Le scénario pourrait céder à la facilité en faisant se croiser les destinées du Docteur et du curé d’un tome à l’autre : le bon devenant le salaud, et vice-versa. On verra que cet écueil a été évité, mais au prix d’un enfoncement dans une boue assez noire. Christian de Metter n’est pas un rigolo. L’introduction d’un personnage féminin, médiateur-révélateur dans le drame à deux que vivent le prêtre et le Docteur, ouvrait évidemment une porte de sortie facile : le curé s’entiche de la fille (planche 12), se défroque, et va filer le parfait amour sous des cieux moins déprimants. On verra que, là aussi, les scénaristes ont choisi une option moins passe-partout.
Christian de Metter opte pour des blancs crus, apposés en bandes hésitantes et inhomogènes, pour mieux souligner les surfaces ensoleillées en contraste avec les opacités indistinctes des bruns-noirs représentant les ombres. Planche 1, si la première vignette réussit à bien à nous communiquer le sentiment de la chaleur sur les murs et les parties éclairées du sol, la dernière recourt cavalièrement à des tracés très fins dans la chevelure blanche du Docteur pour en suggérer les reliefs, par ailleurs maculés de bruns clairs pour les zones d’ombre. Planche 8, les coureurs cyclistes sont à peine esquissés. Planches 16 et 17, beaux changements progressifs dans les expressions faciales de Clara.

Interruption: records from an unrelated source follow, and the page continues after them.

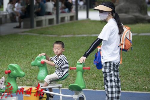 虽无雨,但天气阴沉,不少市民趁着阴天带着孩子到公园游玩。
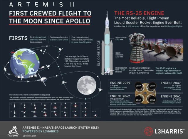 O SLS de 5,75 milhões de libras está equipado com quatro motores RS-25, três dos quais são motores principais atualizados de ônibus espaciais, enquanto um motor fará sua estreia no lançamento. A divisão Aerojet Rocketdyne da L3 Harris Applied sciences construiu os motores para o icônico programa de ônibus espaciais da NASA, que funcionou de 1981 a 2011. Cada motor já desempenhou um papel no programa de ônibus espaciais e agora ajudará a impulsionar o próximo salto da NASA para a Lua.
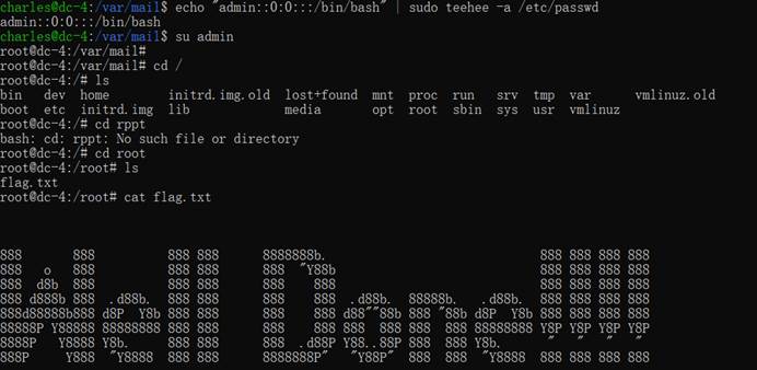 使用teehee命令将一个无密码用户admin写入到/etc/passwd文件,并加入到root组中
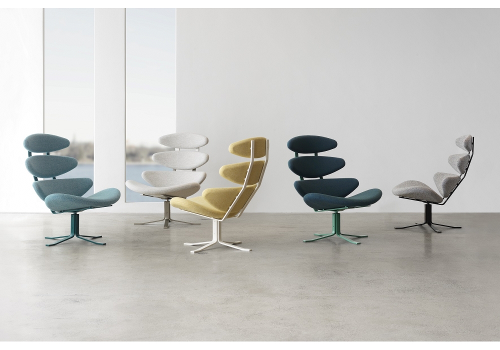 Corona diseñada por Poul M. Volther para Fredericia es una butaca con estructura y base giratoria en acero armónico. Asiento y respaldo formados por cuatro acolchados separados de espuma moldeada en frío, completamente tapizados en tela o piel.
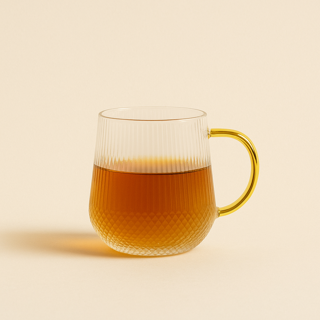 دسته طلایی براق این ماگ، تضاد جذابی با بدنه شفاف آن ایجاد کرده و حس لوکس و مدرنی را منتقل میکند. این طراحی خاص باعث میشود ماگ شما نهتنها برای استفاده روزمره، بلکه برای پذیرایی، دکور آشپزخانه یا هدیه دادن گزینهای فوقالعاده باشد.
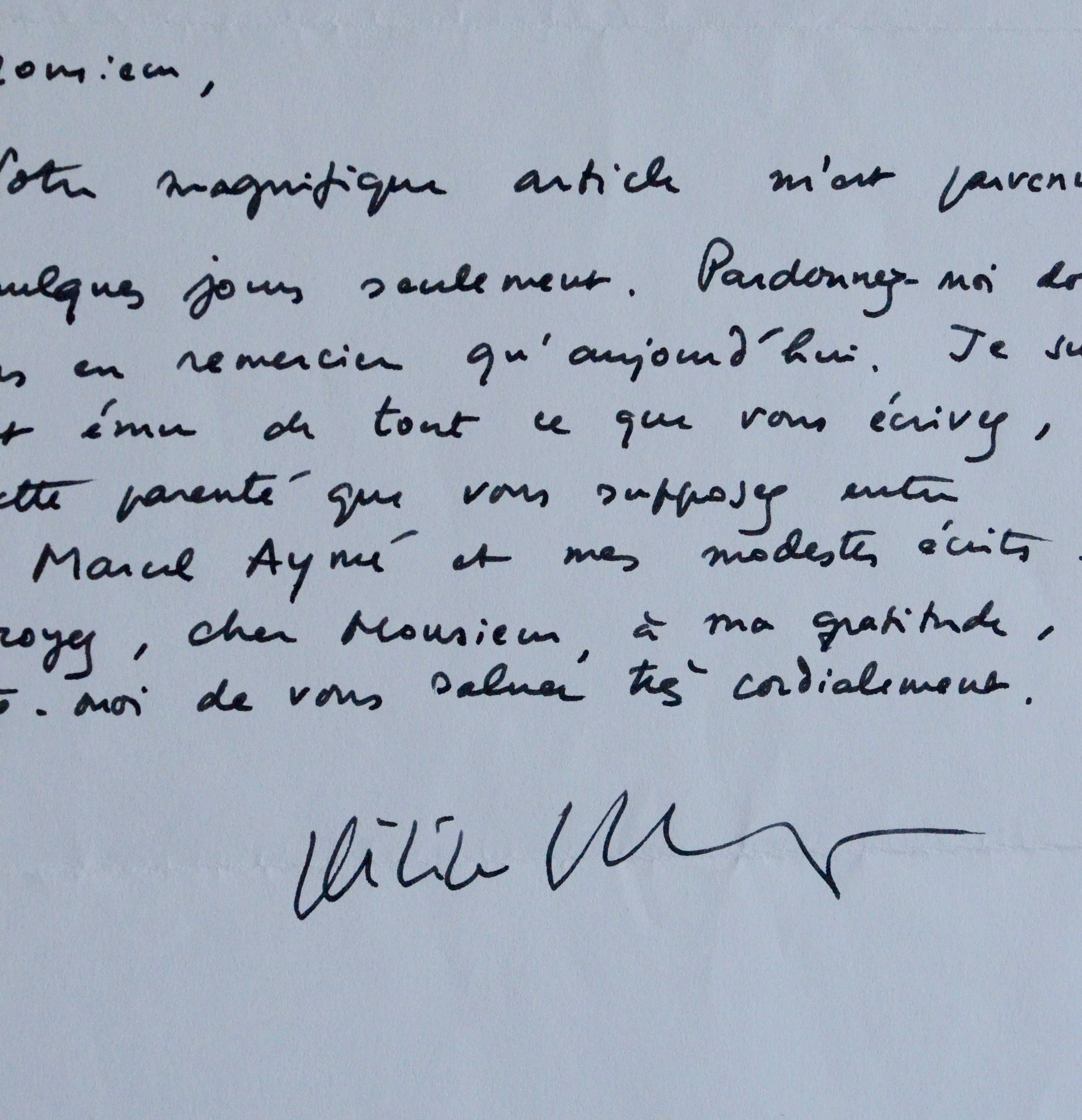 "Votre magnifique article m'est parvenu il y a quelques jours seulement. Pardonnez-moi de ne vous en remercier qu'aujourd'hui. Je suis profondément ému de tout ce que vous m'écrivez, de cette parenté que vous supposez entre l'immense Marcel Aymé et mes modestes écrits. Croyez, cher Monsieur, [...] à ma gratitude [...]".
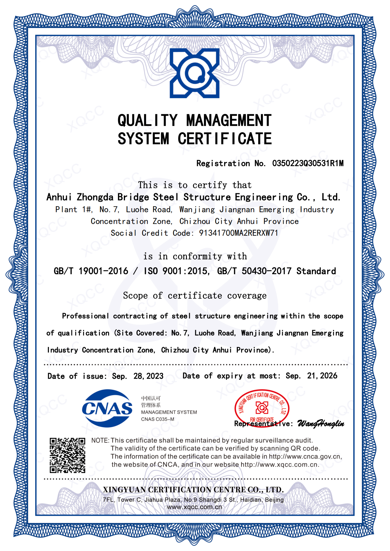 質(zhì)量管理體系認證證書

Au-delà des questionnements déchirants posés par le curé, on appréciera la saveur de quelques répliques : les réflexions impertinentes des assistants aux obsèques de Madame de Bourg (planche 3) ; celles du bon peuple assistant à la course cycliste (planches 7 et 8).
Le drame intérieur du prêtre satisfera quelques amateurs de tragédies intimes. Mais, comme c’est souvent le cas avec les récits de Christian de Metter, on ne lira pas cet album pour se remonter le moral...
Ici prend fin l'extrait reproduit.